Fig1 shows the most critical sub-blocks implemented in the Wimax Mobile Physical layer: the MIMO(mutiple-in and multiple-out), the OFDMA(Orthogonal Frequency -Division Multiple Access) modulations and the LDPC(Low Density Parity Check) codec as FEC(Forward Error correction) decoder. Physical layer chipsetMIMO codecMobile OFDMAModemLDPC codecControllerPhy Sub blocksR-InterfaceR-Interface

 Fig1: PHY layer in Wireless mobile environment 
Those three technologies appear today in new standards to enable new application and services that legacy modulation schemes could not fill. But why have we been waiting so long when OFDM and LDPC are nearly half a century old theoretical approaches? Well, their complexity and thus the required amount of gates made it impossible to implement them in a reasonable sized chipset. Now that we are easily talking about 45 Nanometer cell libraries the deal has changed and such technologies can show up all together.

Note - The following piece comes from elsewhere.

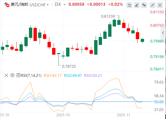 11月12日,美元/瑞郎货币对在周三亚洲交易时段尾盘在0.8000附近谨慎交易。由于人们对美联储今年可能再次降息的预期不断增强,美元(USD)下跌,瑞士法郎货币对面临抛售压力。 截至发稿时,追踪美元兑六种主要货币价值的美元指数(DXY)小幅走高至99.55附近。尽管如此,美元指数仍接近周二发布的周低点99.30。 周二,ADP就业变化四周平均数据公布后,美元下跌,引发美联储鸽派预期。私人薪资处理商ADP报告称,截至10月下旬,雇主每周裁员11.25名。美国就业趋势疲软引发了人们对劳动力市场现状的担忧。 根据CMEFedWatch工具,美联储在12月会议上降息25个基点(bps)至3.50%-3.75%的可能性已从周一的62.4%增加至68%。 与此同时,瑞士法郎(CHF)在瑞士国家银行(SNB)可能转向负利率的预期消退的情况下坚挺。瑞士央行官员最近表示相信通胀可能会在未来几个季度加速。 在全球方面,美国和瑞士即将在两周内签署贸易协议。彭博社本周的一份报告显示,美国和瑞士经济可能会在两周内宣布一项贸易协议,其中华盛顿预计将对从瑞士进口的关税降至15%。 |
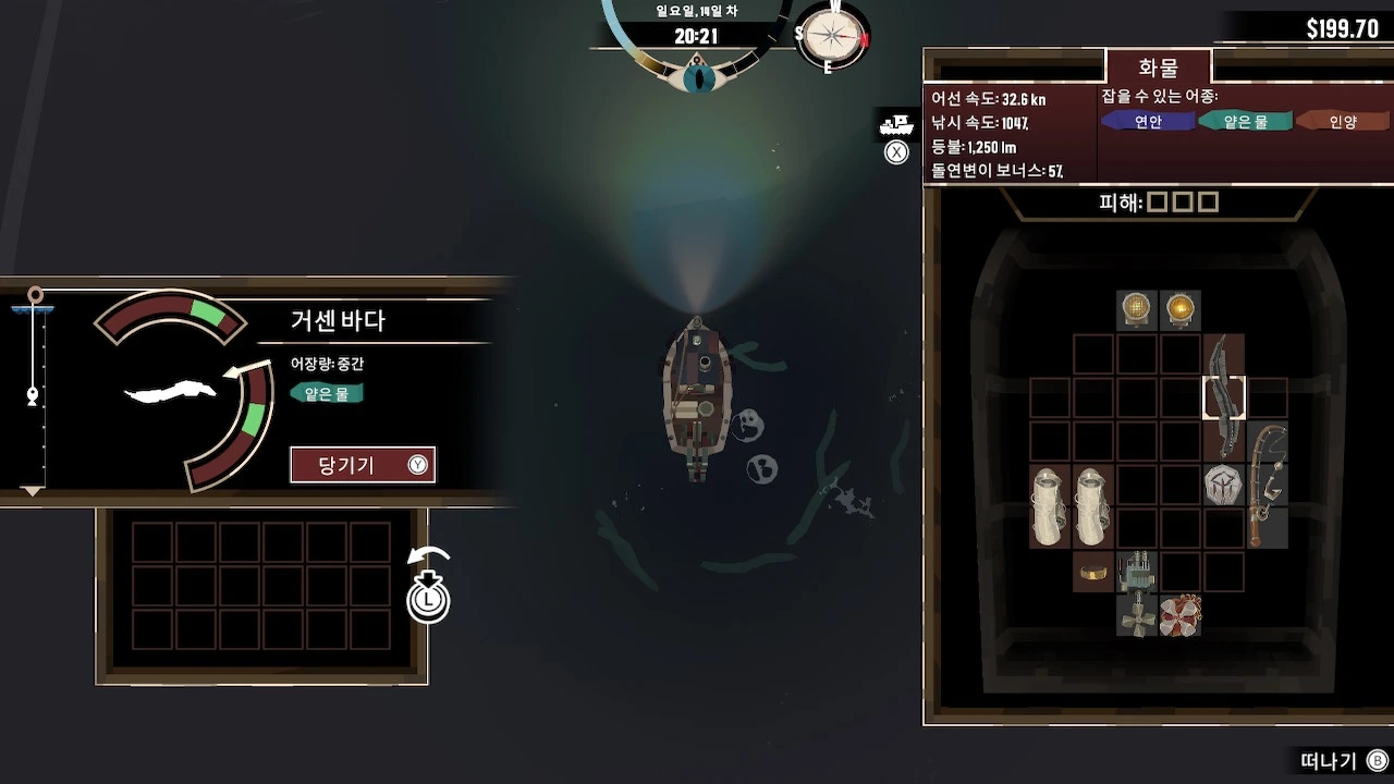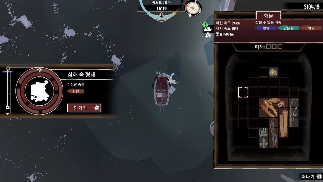 모든 해산물과 물건은 선박 화물칸과 마을 창고에 보관될 때 저마다 칸 형태가 정해져 있다. 테트리스를 하듯 물체를 이리저리 돌려가며 창고의 칸 개수와 형태에 들어맞게 차곡차곡 쌓아야 한다. 덩치가 큰 물고기를 싣기 위해선 화물칸이 커야 하므로 선박 강화 재료를 꾸준히 수집할 필요가 있다.

Let’s make a brief description and point out the benefits of the three of them:
- The OFDMA (Orthogonal frequency division multiplex Access) is a modulation technology that enables multi digital signals on different radio frequency carrier simultaneously. One of its main characteristics is its great resistance to multiple paths distortions and this is one of the main gears to wideband transmissions. We talk about multiple paths when the received signal at the antenna comes from different directions. Same emitted signal took various and multiple paths to reach the antenna, it reflected into the mountain, buildings, moving vehicles, to get to the destination many times with different attenuations and distortions. We face the same problem inside the buildings when the emitted signal reflects against the walls to get to the destination at various times and with various attenuations. Thanks to its frequency spreading coupled with the concatenation of the cyclic prefix and an optimal channel analysis the OFDM is able to face such attenuations and distortions. Multiple access is achieved in OFDMA by assigning subsets of sub-carriers to individual users. This allows simultaneous low data rate transmission from several users.

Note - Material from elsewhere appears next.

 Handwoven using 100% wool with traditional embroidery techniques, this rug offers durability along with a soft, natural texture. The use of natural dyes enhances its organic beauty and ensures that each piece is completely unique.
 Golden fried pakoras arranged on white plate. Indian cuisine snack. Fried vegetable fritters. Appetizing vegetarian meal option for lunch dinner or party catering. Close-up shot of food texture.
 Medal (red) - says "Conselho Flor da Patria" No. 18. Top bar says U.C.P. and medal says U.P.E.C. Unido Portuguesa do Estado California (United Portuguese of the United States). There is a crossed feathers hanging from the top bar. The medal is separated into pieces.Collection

The OFDM has been introduced for the first time into wide market technologies with the DVB-T standard in the 90s. It is now part of many standards like DVB-H, 802.11a/g/n, and 802.16e.
- The OFDMA modulation techniques are now coupled with MIMO (Multi Input Multi Output) coding schemes to increase channel capacity. It consists in using space diversity to reduce the effect of the transmission paths. Indeed now that multi-path distortions are no more a problem the signal is voluntarily sent several times by distant antennas to make it use different paths and thus lower the probability to see him unrecoverable at reception. Multiple antennas at reception are also used with similar characteristics except that it is not that obvious to stick too many antennas to the same device. Anyway MIMO is making the systems more reliable and then permit to higher the capacity of the canal or higher the distance of transmissions. It is part of the new standards like 802.11n and 802.16e.

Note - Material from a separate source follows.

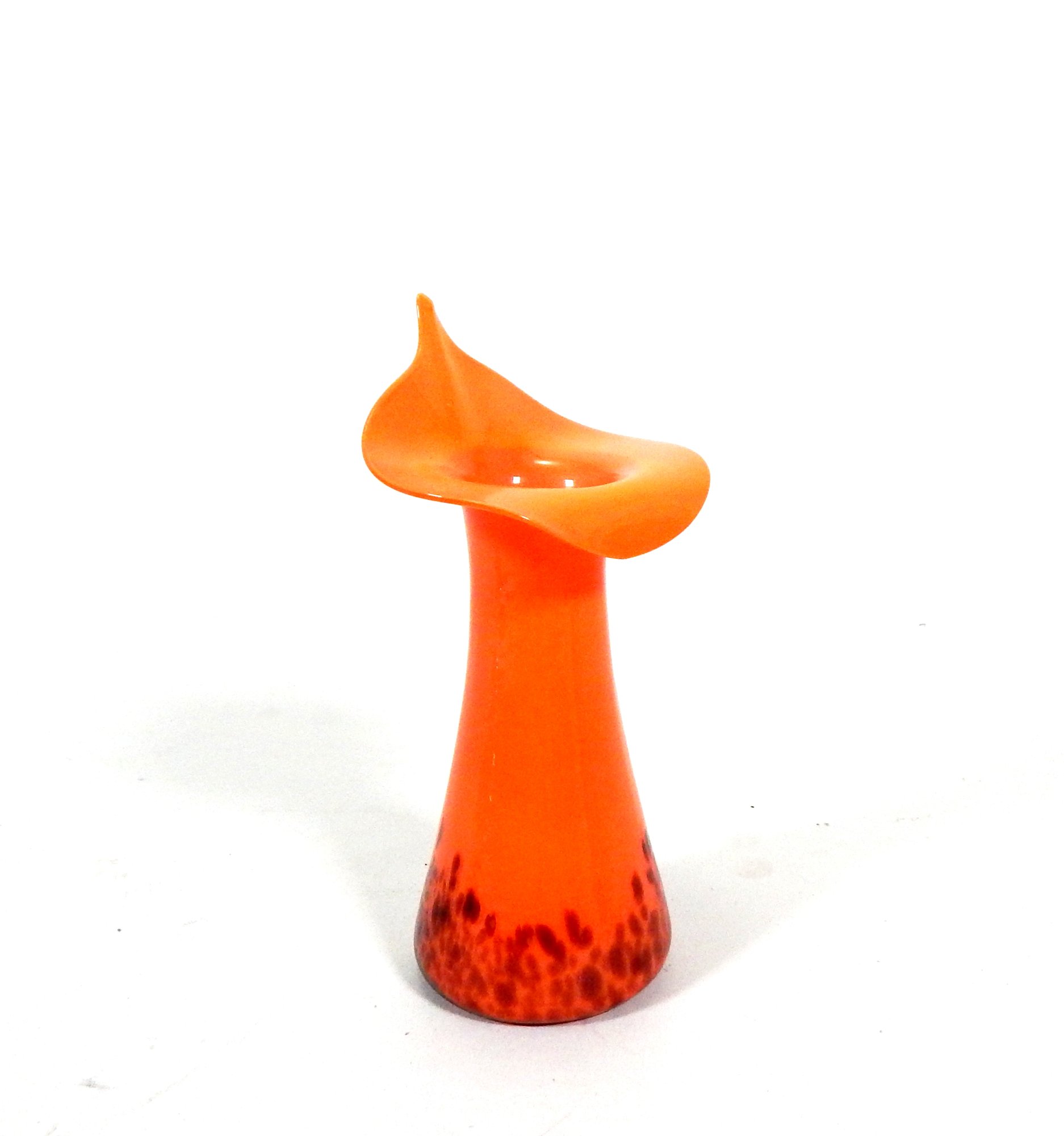 Beautiful vintage 1930's Czech glass, orange blown glass jack-in-the-pulpit vase, with a brown speckled Spatter glass base.

- Now that echoes effects and other distortions have been lowered there is to correct the errors and give to the application an error free bit stream or close to. The first two techniques permit to deliver to the Forward Error Decoder a value and a confidence associated to this value on every bit transmitted.
Thanks to the redundancy added to the useful data at emission the decoder is able to turn a 10-2 Packet Error Rate (PER) stream into a 10-6 PER and even better stream. To do so with realistic silicon implementation there is to think about LDPC codes. Low-Density Parity Check codes were first developed by Gallager in the 1960s and though the performance of these types of codes was quite remarkable they were to remain largely unnoticed for the next few decades. The reason generally given for their neglect was that in the 1960s a practical hardware implementation would have seemed unrealistically complex. However since the rediscovery of LDPC codes in the 1990s there has been a lot of research aimed at finding and creating good LDPC codes. LDPC codes have even been designed with a Bit-Error Rate (BER) performance that is within 0.0045 dB of the Shannon Limit.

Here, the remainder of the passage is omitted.